Your Mandatory Covid-19 Vaccine

Yeah... .you can try to make the same claim about the polio vaccine in 1956.... but most workplaces, schools and government offices made it a requirement.
Months after it was out? Polio has a higher percentage of long term effects and we didn't have the same safety standards for drugs back then that we do now.
 
Months after it was out? Polio has a higher percentage of long term effects and we didn't have the same safety standards for drugs back then that we do now.

Yes... months after the vaccine was generally available many workplaces made it a requirement. State Legislatures including North Carolina passed laws requiring all state workers and teachers get it. Most private employers followed that lead.
 
I think employees who opt out of vaccination should be given a chance to continue employment if they follow current companies' spread prevention rules (vaccination not withstanding).
Following spread prevention, true, is better than not following. But there can still be spread.

And having everyone vaccinated is better than only following spread prevention.
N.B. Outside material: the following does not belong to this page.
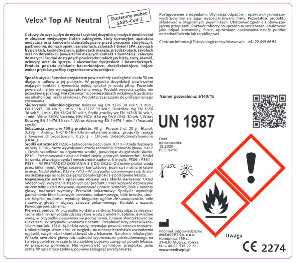 MEDISEPT Velox Top AF 5l Preparat do dezynfekcji i mycia powierzchni nieinwazyjnych wyrobów medycznychVelox Top AF polecany jest do szybkiej dezynfekcji powierzchni nieinwazyjnych wyrobów medycznych i kosmetycznych takich jak: łóżka i fotele, aparatura medyczna, narzędzia kosmetyczne. Preparat nie zawiera aldehydu i fenolu dzięki czemu nie odbarwia dezynfekowanych powierzchni.Skład:propan-2-ol, alkohol etylowy, aminy, QAVZastosowanie: Velox® Top AF to alkoholowy płyn do mycia i szybkiej dezynfekcji małych powierzchni (fotele zabiegowe, stoły operacyjne, aparatura medyczna oraz końcówki stomatologiczne przed procesem sterylizacji). Przeznaczony również do stosowania w gastronomii, domach opieki, sanatoriach, salonach fitness i SPA, salonach fryzjerskich, kosmetycznych, gabinetach masażu, przedszkolach, szkołach oraz do dezynfekcji powierzchni mających kontakt z żywnością. Idealnie nadaje się do mycia i dezynfekcji małych i trudno dostępnych powierzchni takich jak blaty, stoły, klamki, uchwyty oraz do sprzętu i akcesoriów fryzjerskich i kosmetycznych. Produkt posiada działanie bakteriobójcze, drożdżakobójcze, bójcze wobec prątków gruźlicy i ograniczone wirusobójcze. Działa na wirusy Rota i Adeno.Dezynfekcja MEDISEPT jest SKUTECZNA wobec KORONAWIRUSAProduktów biobójczych należy używać z zachowaniem środków ostrożności. Przed każdym użyciem należy przeczytać etykietę i informacje dotyczące produktu.Numer pozwolenia na obrót produktem biobójczym: 6140/15

There will be the least amount of spread.

So, if an employer wants the currently best possible counter-measure, they must opt for forced vaccinations.
https://www.cnbc.com/2021/04/23/mit...ndoors-at-6-feet-or-60-feet-in-new-study.html

MIT researchers say you’re no safer from Covid indoors at 6 feet or 60 feet in new study challenging social distancing policies
  • An MIT study showed that people who maintain 60 feet of distance from others indoors are no more protected than if they socially distanced by just 6 feet.
  • According to the researchers, other calculations of the risk of indoor transmission have omitted too many factors to accurately quantify that risk.
  • “We need scientific information conveyed to the public in a way that is not just fear mongering but is actually based in analysis,” the author of the study said.
The risk of being exposed to Covid-19 indoors is as great at 60 feet as it is at 6 feet — even when wearing a mask, according to a new study by Massachusetts Institute of Technology researchers who challenge social distancing guidelines adopted across the world.

MIT professors Martin Z. Bazant, who teaches chemical engineering and applied mathematics, and John W.M. Bush, who teaches applied mathematics, developed a method of calculating exposure risk to Covid-19 in an indoor setting that factors in a variety of issues that could affect transmission, including the amount of time spent inside, air filtration and circulation, immunization, variant strains, mask use, and even respiratory activity such as breathing, eating, speaking or singing.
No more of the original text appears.